» MATERIAL PROVIDED:
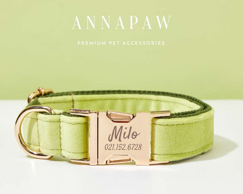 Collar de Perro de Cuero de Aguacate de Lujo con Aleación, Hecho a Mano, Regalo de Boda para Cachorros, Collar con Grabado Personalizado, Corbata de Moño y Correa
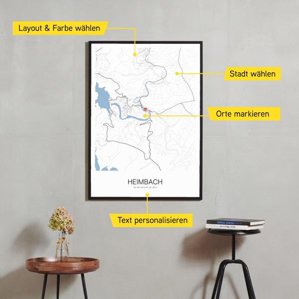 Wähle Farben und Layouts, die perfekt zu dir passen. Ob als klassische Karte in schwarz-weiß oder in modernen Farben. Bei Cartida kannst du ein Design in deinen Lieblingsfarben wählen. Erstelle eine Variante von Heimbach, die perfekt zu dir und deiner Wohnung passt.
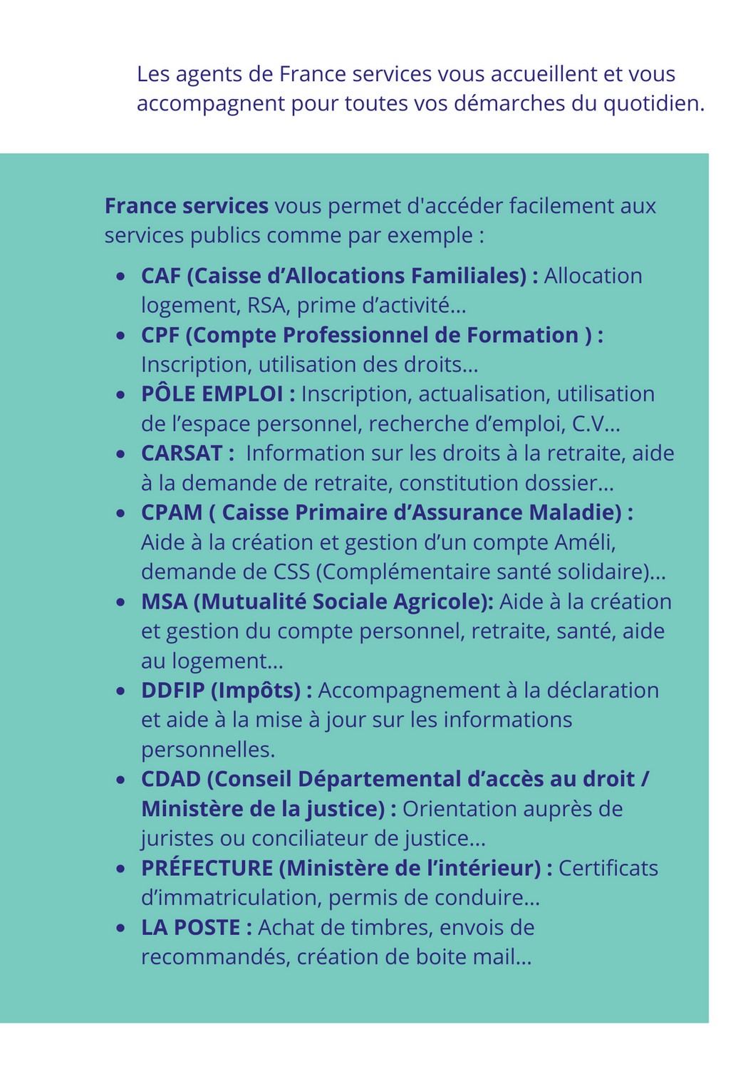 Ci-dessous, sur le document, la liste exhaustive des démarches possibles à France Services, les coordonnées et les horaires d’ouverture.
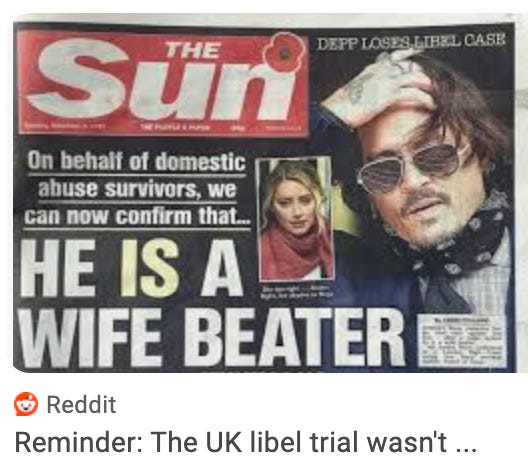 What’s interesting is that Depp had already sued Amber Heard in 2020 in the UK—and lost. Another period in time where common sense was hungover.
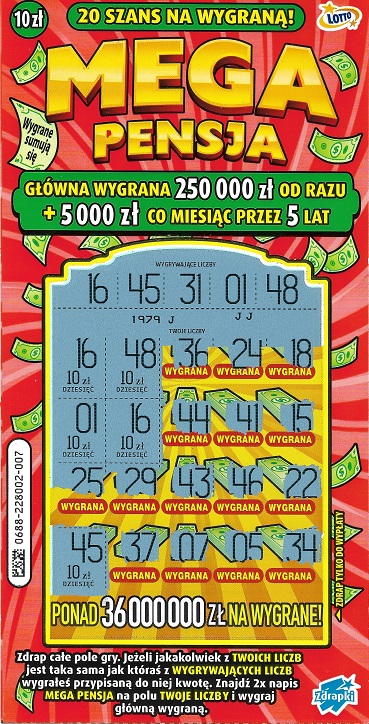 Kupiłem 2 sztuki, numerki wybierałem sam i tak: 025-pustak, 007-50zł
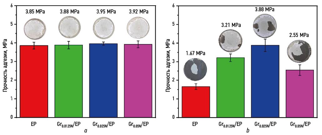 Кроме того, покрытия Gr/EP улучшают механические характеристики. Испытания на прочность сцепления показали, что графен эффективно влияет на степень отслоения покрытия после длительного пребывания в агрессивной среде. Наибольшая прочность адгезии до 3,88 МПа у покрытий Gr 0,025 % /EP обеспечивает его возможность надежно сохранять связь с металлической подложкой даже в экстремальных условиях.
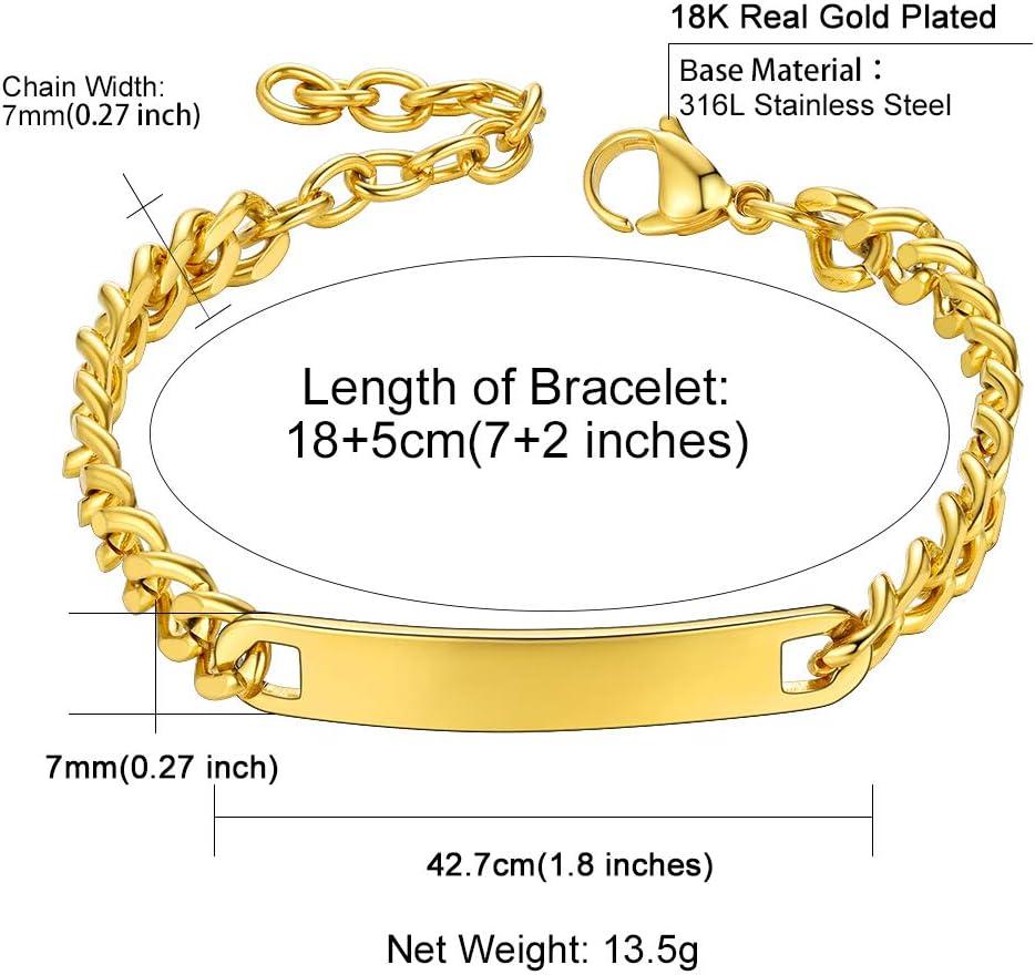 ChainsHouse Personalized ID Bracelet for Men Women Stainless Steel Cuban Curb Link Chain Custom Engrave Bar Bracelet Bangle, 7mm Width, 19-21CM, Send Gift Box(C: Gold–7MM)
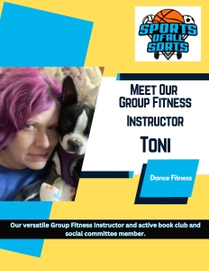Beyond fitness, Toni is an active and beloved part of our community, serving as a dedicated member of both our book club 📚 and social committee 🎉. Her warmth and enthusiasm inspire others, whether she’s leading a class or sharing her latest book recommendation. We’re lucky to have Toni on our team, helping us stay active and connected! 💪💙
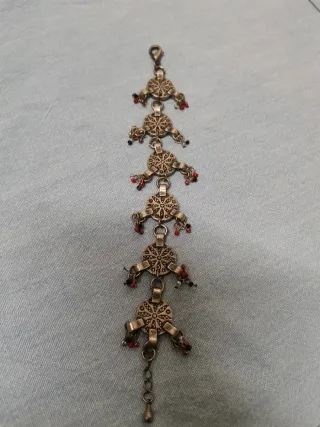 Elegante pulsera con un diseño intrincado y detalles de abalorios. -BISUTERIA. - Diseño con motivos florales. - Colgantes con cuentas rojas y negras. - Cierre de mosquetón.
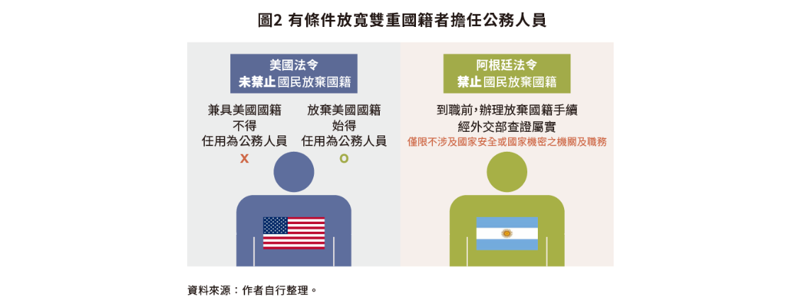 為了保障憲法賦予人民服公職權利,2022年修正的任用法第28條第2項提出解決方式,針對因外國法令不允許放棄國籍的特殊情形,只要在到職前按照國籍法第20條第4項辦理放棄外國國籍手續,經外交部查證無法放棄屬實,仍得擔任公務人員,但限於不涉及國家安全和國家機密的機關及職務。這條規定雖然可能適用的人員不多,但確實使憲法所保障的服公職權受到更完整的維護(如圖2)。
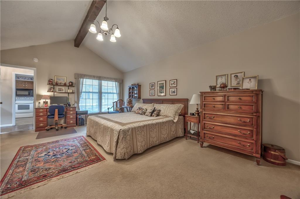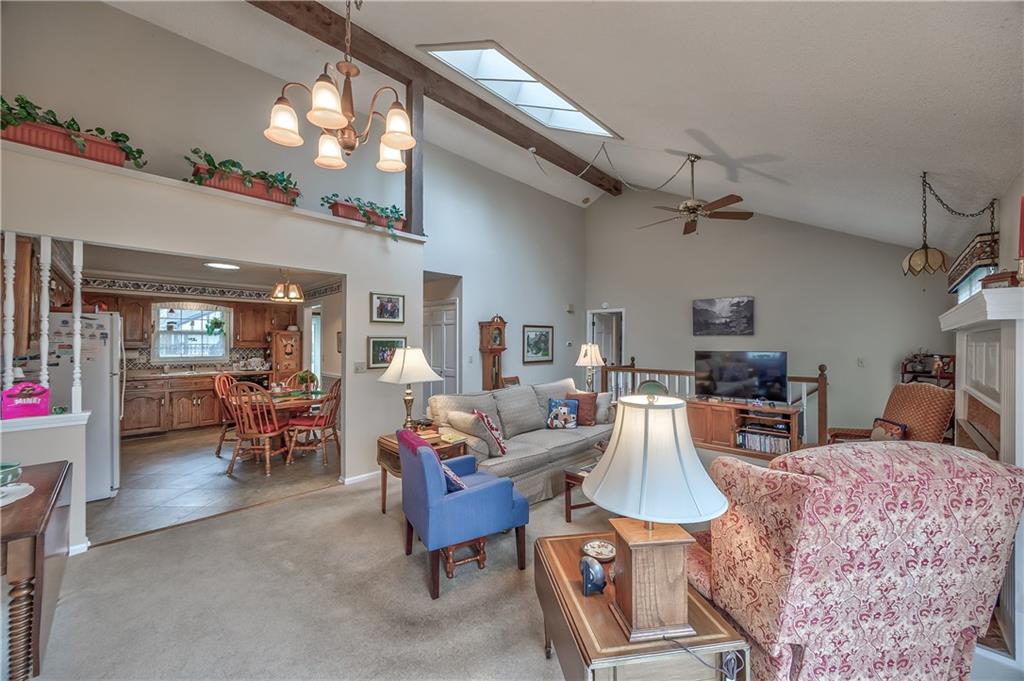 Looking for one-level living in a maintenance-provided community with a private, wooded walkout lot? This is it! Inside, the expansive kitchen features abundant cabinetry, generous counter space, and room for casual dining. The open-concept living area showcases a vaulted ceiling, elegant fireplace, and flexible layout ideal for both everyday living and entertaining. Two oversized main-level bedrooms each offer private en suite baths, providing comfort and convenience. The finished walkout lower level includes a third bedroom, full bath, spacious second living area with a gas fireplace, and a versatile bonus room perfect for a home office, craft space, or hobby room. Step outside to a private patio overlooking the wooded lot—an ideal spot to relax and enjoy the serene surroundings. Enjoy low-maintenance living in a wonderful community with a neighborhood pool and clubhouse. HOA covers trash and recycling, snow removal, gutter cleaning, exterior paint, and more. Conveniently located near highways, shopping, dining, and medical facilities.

» EXERCISE REQUIREMENTS: Give back exactly the lines from the top of the records to the line containing "Wähle Farben und", both included, and no pictures.

» EXERCISE ANSWER:
 Collar de Perro de Cuero de Aguacate de Lujo con Aleación, Hecho a Mano, Regalo de Boda para Cachorros, Collar con Grabado Personalizado, Corbata de Moño y Correa
 Wähle Farben und Layouts, die perfekt zu dir passen. Ob als klassische Karte in schwarz-weiß oder in modernen Farben. Bei Cartida kannst du ein Design in deinen Lieblingsfarben wählen. Erstelle eine Variante von Heimbach, die perfekt zu dir und deiner Wohnung passt.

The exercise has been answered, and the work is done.